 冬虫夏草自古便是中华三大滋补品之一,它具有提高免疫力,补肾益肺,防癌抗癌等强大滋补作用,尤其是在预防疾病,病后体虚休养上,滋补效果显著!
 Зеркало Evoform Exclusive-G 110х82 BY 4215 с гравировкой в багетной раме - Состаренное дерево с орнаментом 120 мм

==================================================

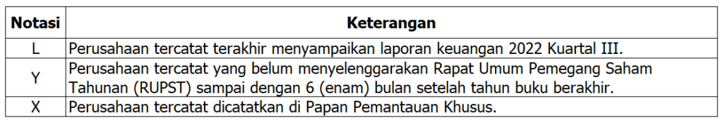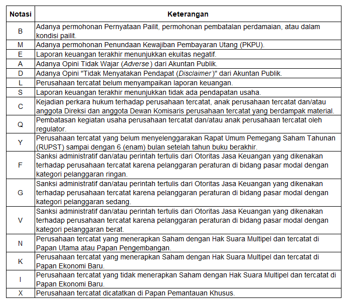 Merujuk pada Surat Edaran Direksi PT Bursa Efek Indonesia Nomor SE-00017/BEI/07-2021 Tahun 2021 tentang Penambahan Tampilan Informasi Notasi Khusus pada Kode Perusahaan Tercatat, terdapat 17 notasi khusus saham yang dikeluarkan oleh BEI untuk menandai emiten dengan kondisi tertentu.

==================================================

Please output exactly the lines between the one holding "冬虫夏草自古便是中华三大滋补" and the one holding "Зеркало Evoform Exclusive-G" in the records above, inclusive, and nothing more.

 冬虫夏草自古便是中华三大滋补品之一,它具有提高免疫力,补肾益肺,防癌抗癌等强大滋补作用,尤其是在预防疾病,病后体虚休养上,滋补效果显著!
 Зеркало Evoform Exclusive-G 110х82 BY 4215 с гравировкой в багетной раме - Состаренное дерево с орнаментом 120 мм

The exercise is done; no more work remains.